Damit ist das zentrale Motiv von Reicherts Schreibarbeit benannt: „[I]ch wollte immer so schreiben, daß es lesbar war, von einem halbwegs gebildeten Leser zu verstehen, wollte leicht schreiben, als sei es mühelos von der Hand gegangen. Nichts ist schwerer als leicht zu schreiben.“ Nicht das Renommieren mit Wissen und die Konstruktion von – bald mehr, bald weniger kunstvollen – Perioden, sondern Zugänglichkeit und Wirkung sind die Maximen eines Schreibens, das „die Leidenschaft für die Sache […] weitergeben“ will. Demnach könne akademische Diskursförmigkeit gerade nicht das Regulativ für eine Kunst des Schreibens sein, eine Überzeugung, die Reichert – neben anderen Berufen auch Professor der Anglistik – „den Vorwurf des Feuilletonisten eingetragen“ hat. Er hält dagegen, dass die mühevoll erarbeiteten Voraussetzungen für seine einladende Art des Schreibens, die subtile Kennerschaft, die dafür nötig ist, besser „unter der Oberfläche“ des Textes aufgehoben sei. Reichert veranschaulicht die Machart gelungener Texte entsprechend mit einem Bild, das er vom Historiker und Literaturnobelpreisträger Theodor Mommsen übernimmt und variiert: „Ich habe meine Röcke allerdings stets mit den Nähten inwendig getragen.“ (S. 47f.) Diese Programmatik eines Schreibens in der Übergangszone von Wissenschaft und Literatur bringt zusammen, was gemäß einem nicht sehr alten, aber weit verbreiteten Vorurteil nicht zusammengehört. Die strenge Grenze zwischen literarisch-kreativem und akademisch-diszipliniertem Schreiben sei letztlich nicht haltbar, jedenfalls nicht wünschenswert, schon gar nicht um den Preis stilistischer Güte. Aber auch im Hinblick auf Argumente und Ideen gelte: „Wissen hat noch nie jemandem geschadet, Phantasie auch nicht.“ (S. 49)
Der nun vorliegende Band Die Leichtigkeit des Schweren gliedert sich in zwei Teile.
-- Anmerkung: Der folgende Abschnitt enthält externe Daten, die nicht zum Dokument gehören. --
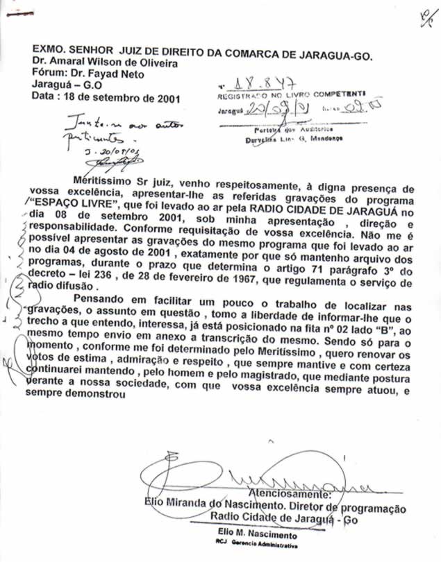 PUBLICAMENTE em um programa na Rádio Cidade de Jaraguá-GO.
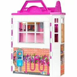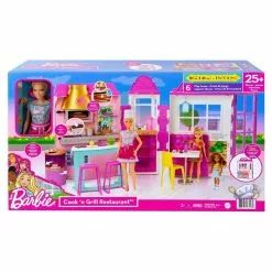 Barbie est prête à prendre les commandes à la fenêtre pour les ventes à emporter. Elle est aussi prête à accueillir jusque 4 personnes (autres poupées non incluses) au comptoir ou sur la terrasse !
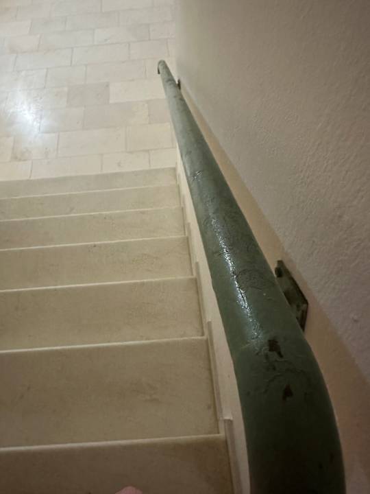 Treppe mit vergammeltem Geländer von der Abend Bar in den Keller zu den Toiletten!!
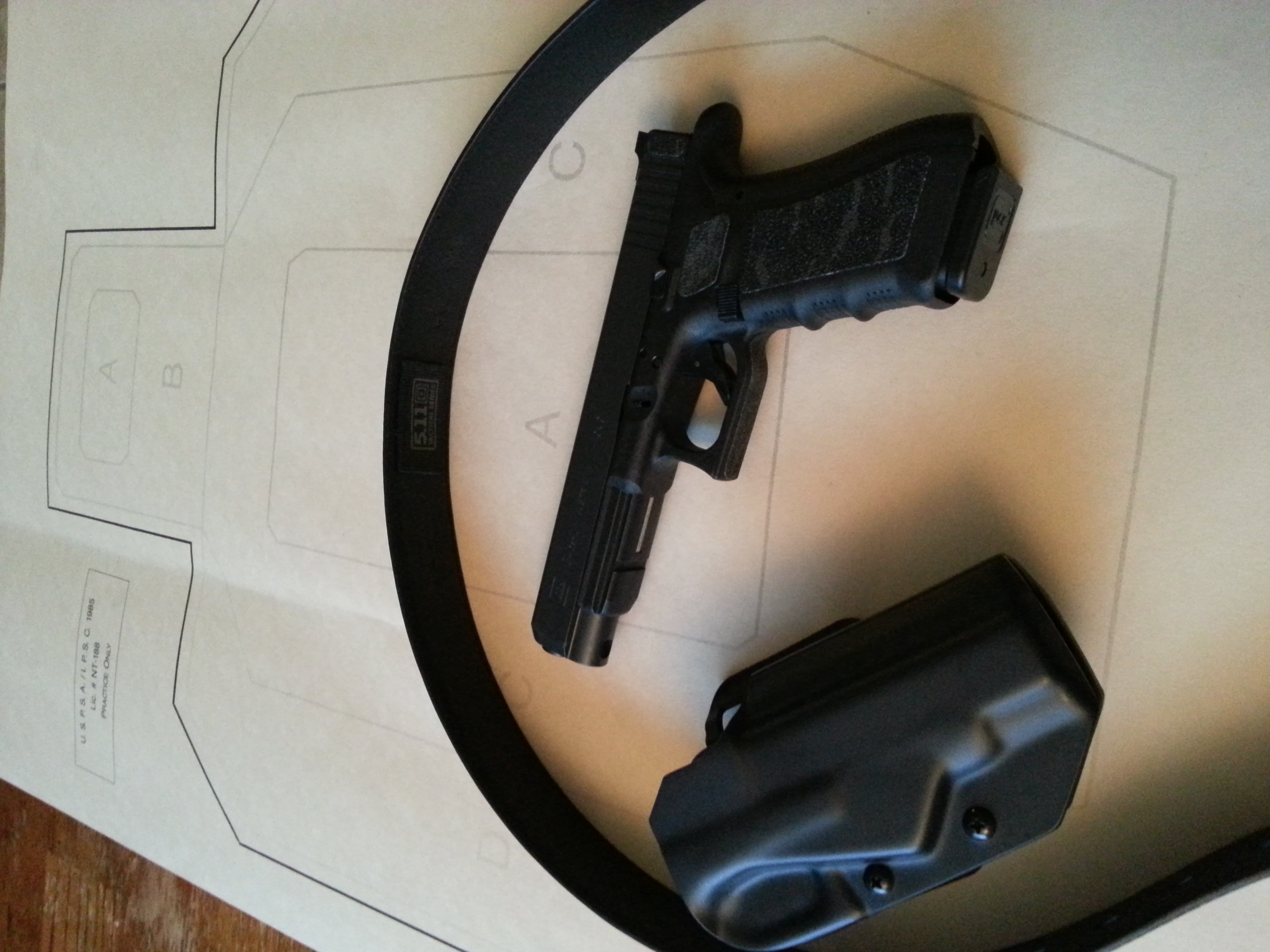 Thanks again for all the advice everyone gave me......updated picks of gun after upgrades. Picked up a BladeTech Black Ice OWB holster, Warren Tactical Sevigny sights, a 5.11 belt (I needed a new belt anyway) and some grip tape so far. (also about 2000 rounds of ammo to get me started) Next investment is either going to be the Vogel trigger or some form of a trigger job and mag pouches.

Im ersten – mit der Überschrift Gelehrsamkeit und Poesie. Über das fragende Verstehen – schildert Reichert literarische Bildungserfahrungen im Hören, im Lesen, im Schreiben, angefangen mit seiner frühen Faszination an den Grimm’schen Märchen, an den Psalmen Luthers, an den Kirchen- und Weihnachtsliedern, die mit ihrem „Unverstandenen“, ihrem „Geheimnisvollen“, mit ihrem „Klang des Fremden“ allererst „die Produktivkräfte der Phantasie in Gang setzte[n].“ (S. 13)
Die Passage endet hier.